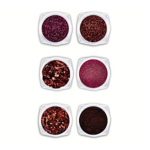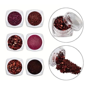 Características Principais: - 6 potinhos individuais; - Variados tons de vermelho; - Combinação de glitters finos, flocados e pó cromado; - Texturas variadas e efeitos brilhantes; - Tampa rosqueável que evita desperdício e facilita o armazenamento; - Ideal para quem busca adicionar mais glamour e criatividade aos seus designs.
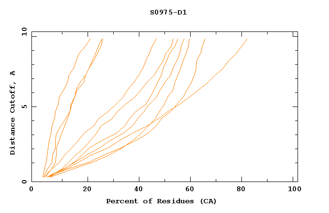 GDT analysis: largest set of CA atoms (percent of the modeled structure) that can fit under DISTANCE cutoff: 0.5A, 1.0A, 1.5A, ... , 10.0A
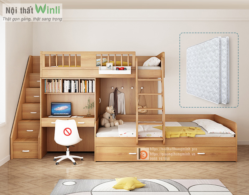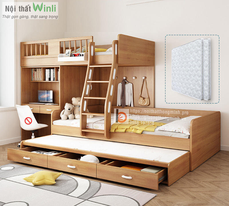 Giường tầng kết hợp bàn học:
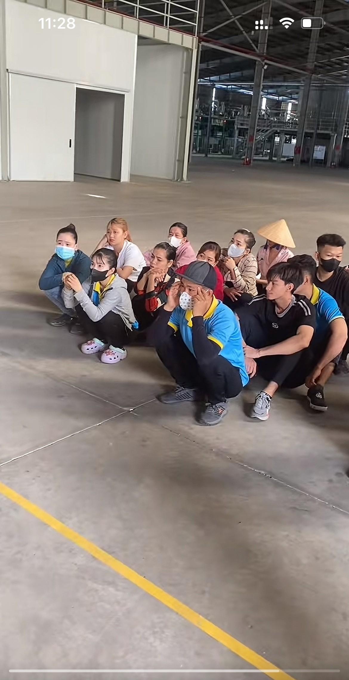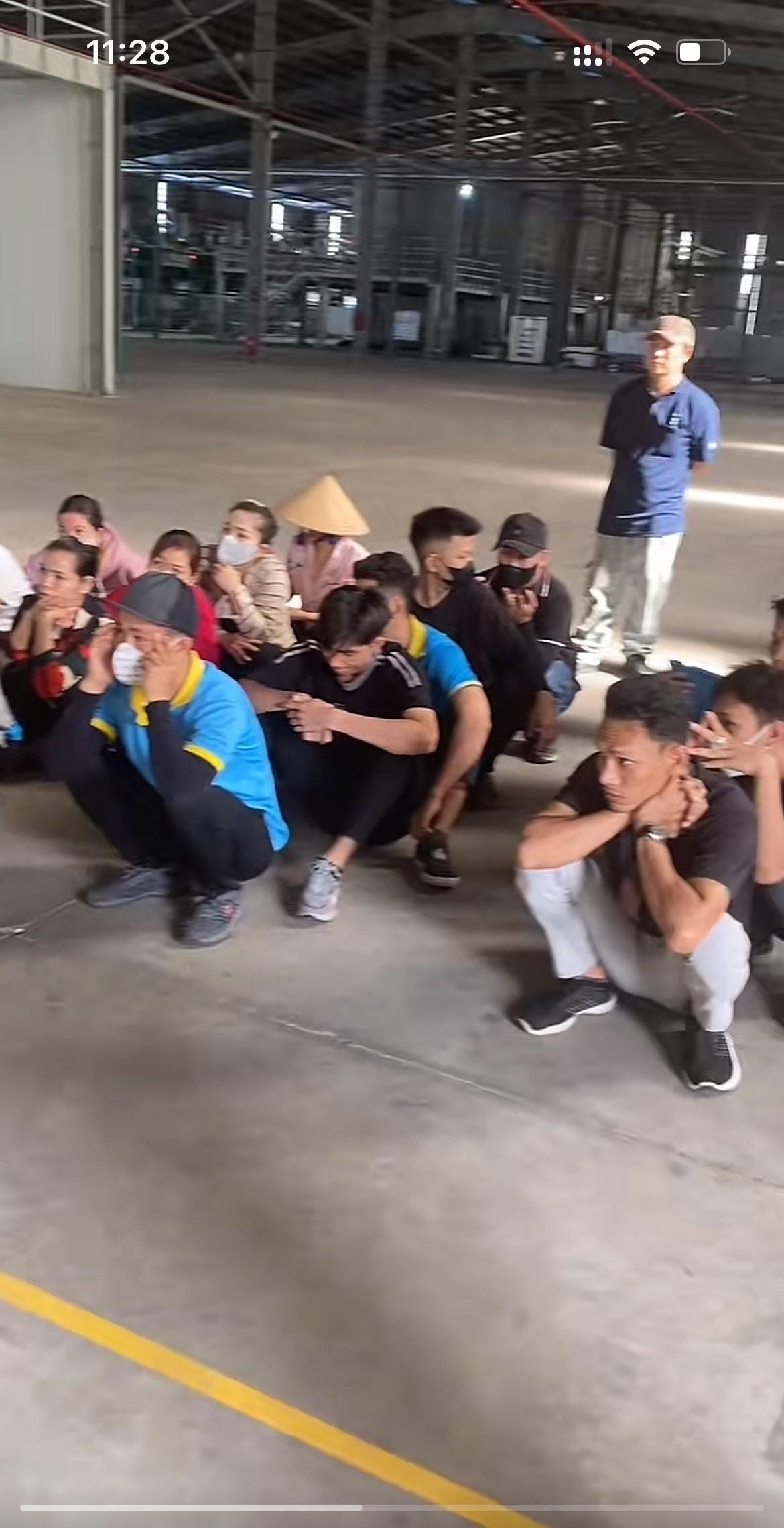 越南工厂每天早上都要开会,拉管理十几二十号工人,每条拉都有一个拉长一个助拉还有一个物料员,这边开早会工人是墩地上或者坐地上听的也可以站着。
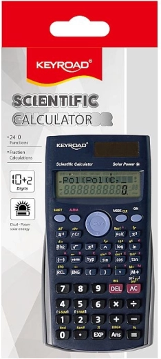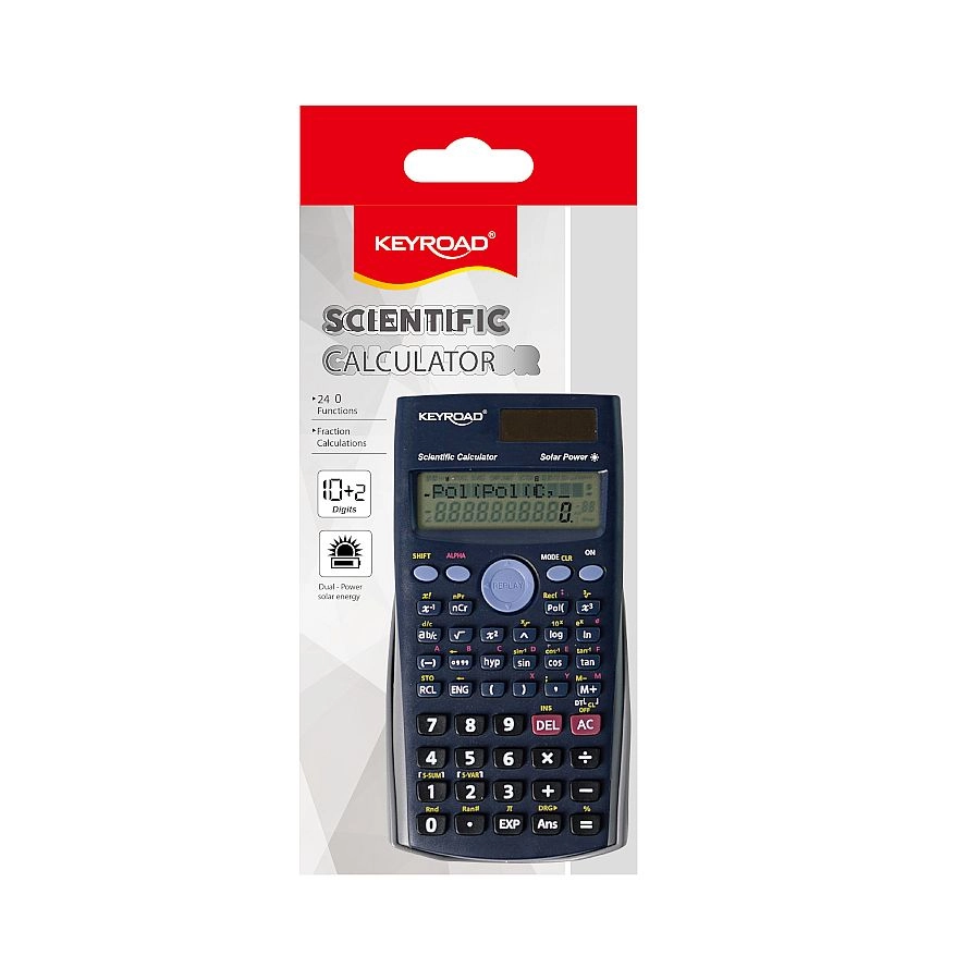 Znanstveni kalkulator Keyroad združuje širok nabor funkcij in vzdržljivo zasnovo. Zahvaljujoč dvojnemu napajanju zanesljivo deluje v katerikoli svetlobnih pogojih in pri dnevni svetlobi varčuje z baterijo. 10-mestni zaslon zagotavlja jasen in natančen prikaz rezultatov, vključno z dvema decimalnima mestoma.
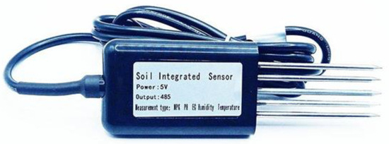 The JXCT 7-in-1 soil sensor (Weihai JXCT Electronic Technology, Shandong, China), which identifies the soil’s potassium, phosphorus, nitrogen content, temperature, pH, moisture content, and electrical conductivity, is shown in Figure 1. It works with Modbus RS485 and benefits from a low cost, a quick response, high precision, and portability. It facilitates the systematic evaluation of the soil conditions by assisting in assessing the soil’s fertility. The sensor can be buried in the ground for a very long time. To ensure the long-term functionality of the probe component, it features a high-quality probe that is resistant to corrosion from salt and alkali, rust, and electrolysis. It is therefore appropriate for all types of soil, including alkaline, acidic, substrate, seedling beds, and coconut bran soil. This sensor’s advantages over more conventional detection techniques are its extremely quick measurements and highly precise data. It only needs its probe to be buried in the ground, and Arduino can be used to read the readings.
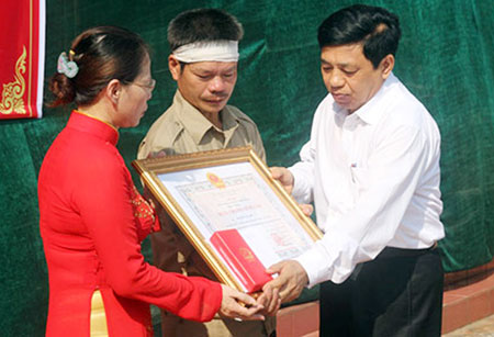 | | Lãnh đạo tỉnh Nghệ An trao "Huân chương Dũng cảm" của Chủ tịch nước truy tặng em Nam cho ba em Nam. |
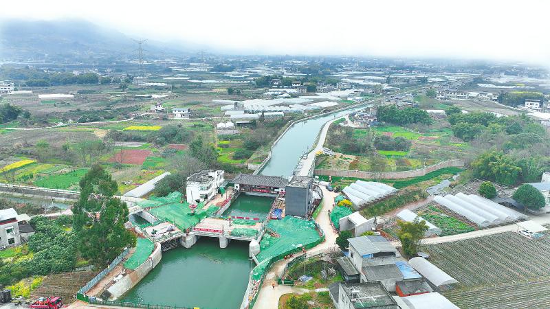 位于都江堰灌区东风渠总干渠上的罗家河坝枢纽。 四川日报全媒体记者 韦维 摄
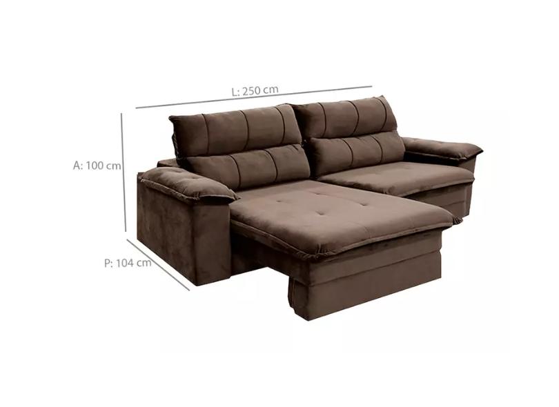Sofá 3 lugares Reclinável Retrátil Suede Daniel 250cm Gazin
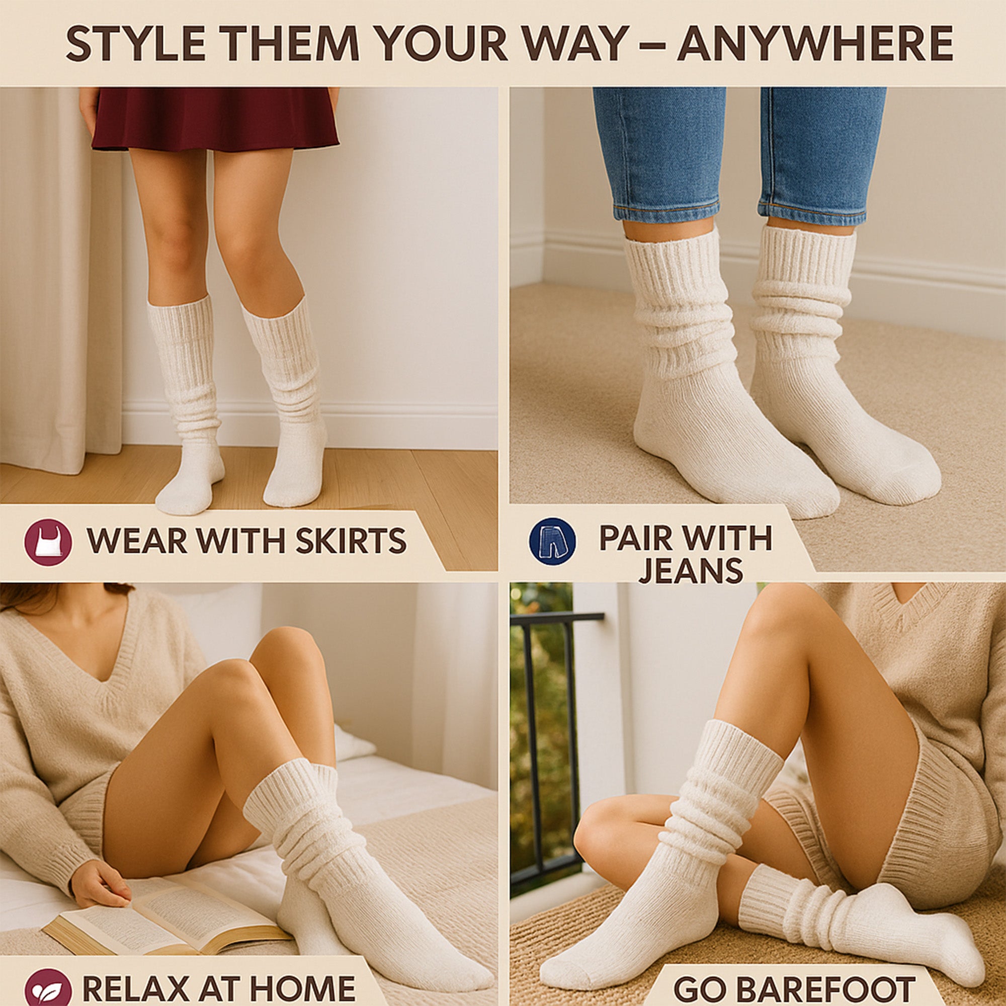 - Wear Them 3 Ways for Versatile Styling – Pull them knee-high for warmth, slouch them mid-calf for a relaxed look, or scrunch them down for an ankle-length retro vibe.
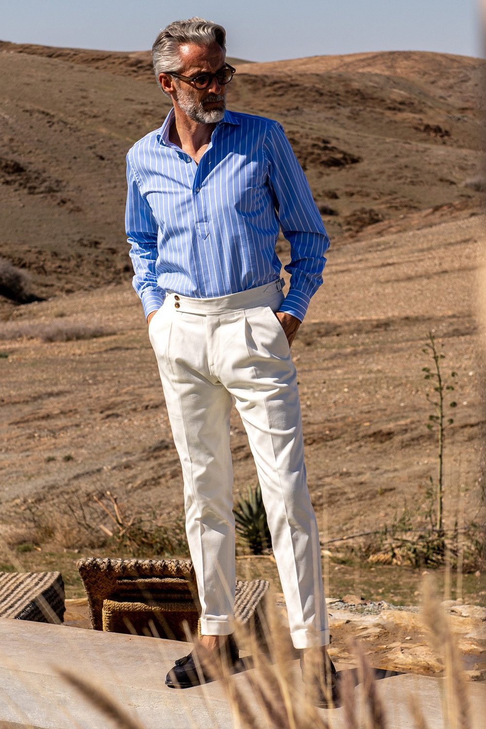 Another top-drawer summer outfit that would double as a brilliant evening look on vacation. We love the silhouette of the trousers, which are slightly wider than a regular straight-leg cut, while the contrast and colour created by the shirt bring the look energy and confidence.
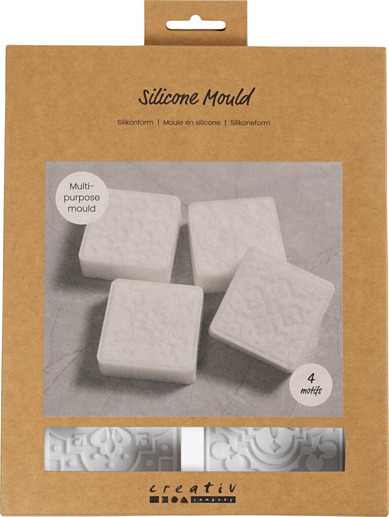 Silikoneform - Firkantet Med Grafisk Motiv - H 2,4 Cm - L 6,8 Cm - 4stk.
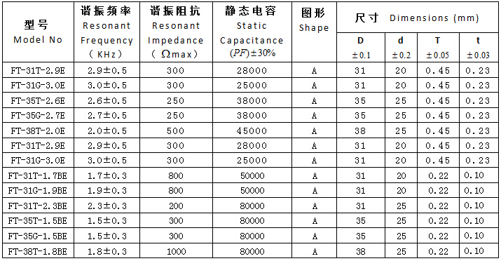 產(chǎn)品名稱: 他激式蜂鳴片 中等尺寸
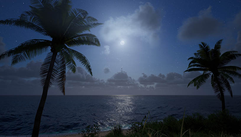 昼夜循环天气系统:实时动态天气,写实的3D体积云天空,风力系统,雷雨天、晴天、多云天气自然变化,如身临其境。
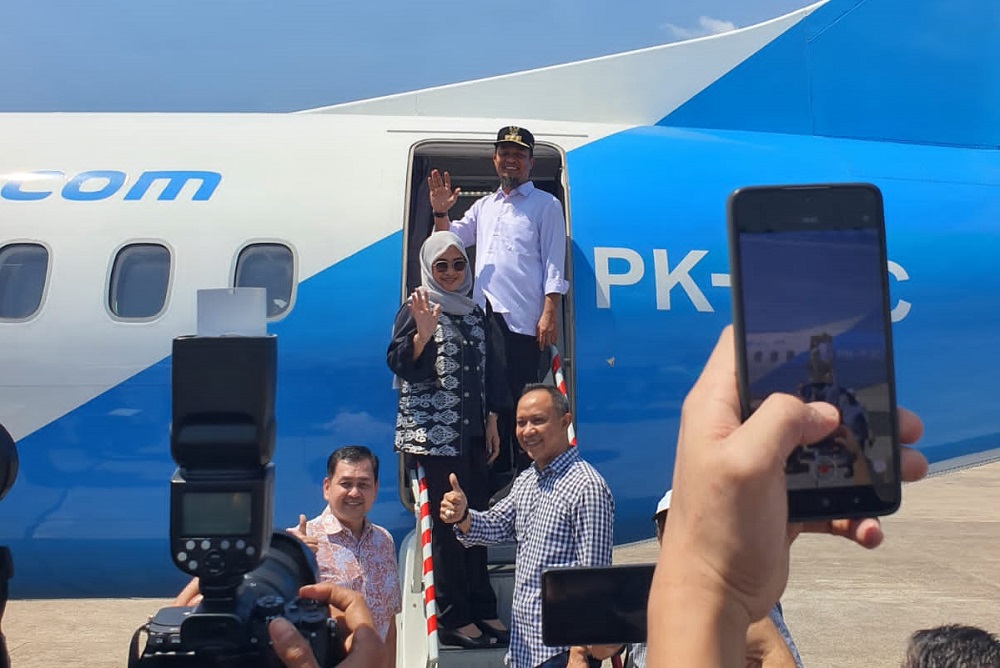 Pesawat ATR Fly Jaya Resmi Mendarat Perdana di Bandara Arung Palakka Bone
....
WHAT YOU NEED TO DO.
Retype exactly the lines from the one containing "產(chǎn)品名稱: 他激式蜂鳴片 中等尺寸" through the last line of the records above, both included, and leave out any pictures.

RESULT OF THIS TASK.
 產(chǎn)品名稱: 他激式蜂鳴片 中等尺寸
 昼夜循环天气系统:实时动态天气,写实的3D体积云天空,风力系统,雷雨天、晴天、多云天气自然变化,如身临其境。
 Pesawat ATR Fly Jaya Resmi Mendarat Perdana di Bandara Arung Palakka Bone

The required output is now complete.